What is speech to text?

Speech to text is the process of converting spoken words into a text transcript. Sometimes referred to as voice to text, it is available mostly as a software-based service (SaaS).

It typically combines artificial intelligence-powered speech recognition technology, also known as automatic speech recognition, with transcription. A computer program picks up audio in the form of sound wave vibrations and uses linguistic algorithms to convert the audio input into digital characters, words and phrases.

Machine learning, deep learning and large language models such as OpenAI’s Generative Pre-Trained Transformer (GPT) have made speech to text software more advanced and efficient because they can glean patterns in spoken language from a large volume of audio and text samples.

Generative AI can be integrated with speech to text software to create assistants that can help customers over a phone call, or interact with voice-enabled apps. Generative AI can also convert text back to speech, otherwise known as text to speech, in a realistic, natural-sounding voice.

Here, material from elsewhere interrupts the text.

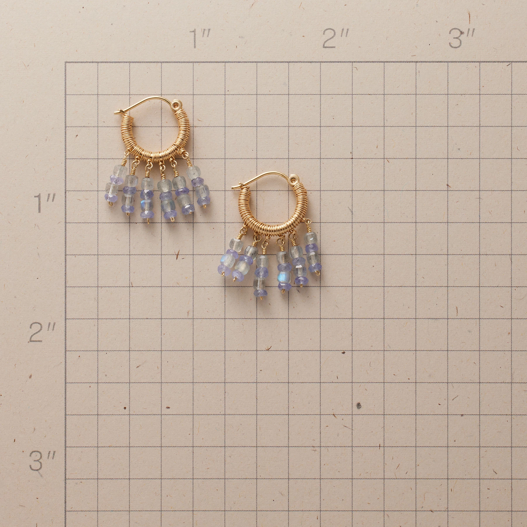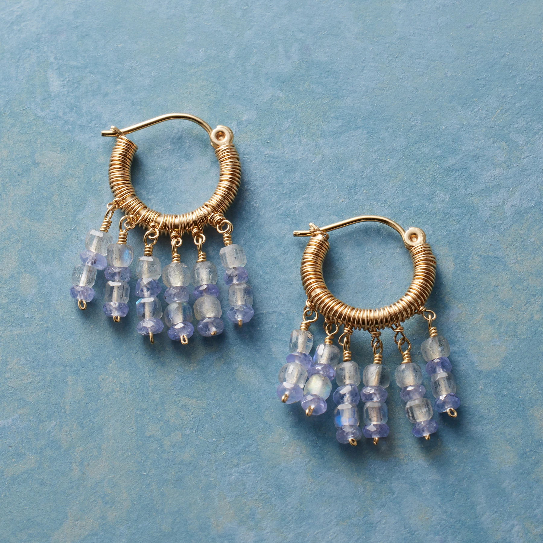 Tanzanite plays the blues, alternating with the ever-shifting hues of labradorite, while intricate 14kt gold wire wrapping sets up its own rhythm in handcrafted hoops by Dana Kellin. Self-locking wires. Made in USA. 1″L.
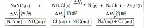 Ⅱ. $\mathrm{NaNO_2(s) \xlongequal{ } Na^+(aq) + NO_2^-(aq)}$ $\Delta H_2$;

Speech to text software contains several components. These include:

• Speech input: where a microphone captures spoken words

• Feature extraction: where the computer identifies distinctive pitches and patterns in the speech)

• Decoder: where the algorithm matches the speech features to characters and words through a language model

• Word output: where the final text is formatted with the correct punctuation and capitalizations so that it’s human-readable

Generally, the speech to text process is composed of the following steps:

• Audio preprocessing: After audio recordings are captured, they are preprocessed to improve the quality and accuracy of recognition. This includes removing background noises and irrelevant frequencies, stabilizing the volume level, segmenting the clip for easier processing and converting the audio file into a standard format.

• Sound analysis and feature extraction: Voice signals are often depicted as spectrograms (link resides outside of ibm.com), which are visual representations of frequencies across time.¹ The relevant portions of the audio recordings are broken down into a sequence of phonemes, which are the smallest unit of speech that distinguishes 1 word from another. The major classes of phonemes are vowels and consonants (link resides outside of ibm.com).² Language models and decoders can match phonemes to words and then sentences. Deep learning-based acoustic models can predict what characters and words are likely to occur next based on context.

There are three main methods for performing speech recognition: synchronous, asynchronous and streaming.

• Synchronous recognition is when there is an immediate conversion of speech to text. It can only process audio files shorter than one minute. This is used in live-captioning for broadcast television.

• Streaming recognition is when streamed audio is processed in real-time, so fragmented texts might appear as the user is still speaking.

• Asynchronous recognition is when large prerecorded audio files are submitted for transcription. It might be queued for processing and delivered later.

Companies such as Google³ (link resides outside ibm.com), Microsoft⁴ (like resides outside ibm.com), Amazon⁵ (link resides outside ibm.com) and IBM® offer speech to text software as APIs through the cloud, which allows it to be used in concert with other applications, tools and devices.

Apple iPhones have a dictation feature (link resides outside ibm.com), which integrates speech to text technology baked into its iOS.⁶ Androids users can download apps like Gboard (link resides outside ibm.com) for speech to text functions. Some pixel devices allow users to type with voice through the Assistant.⁷ There are various options for both open source and proprietary speech to text software.

Early on in its evolution, speech recognition software relied on a limited vocabulary bank. Its recent adoption by industries from automotive to healthcare has been aided by advancements in data science, deep learning and artificial intelligence.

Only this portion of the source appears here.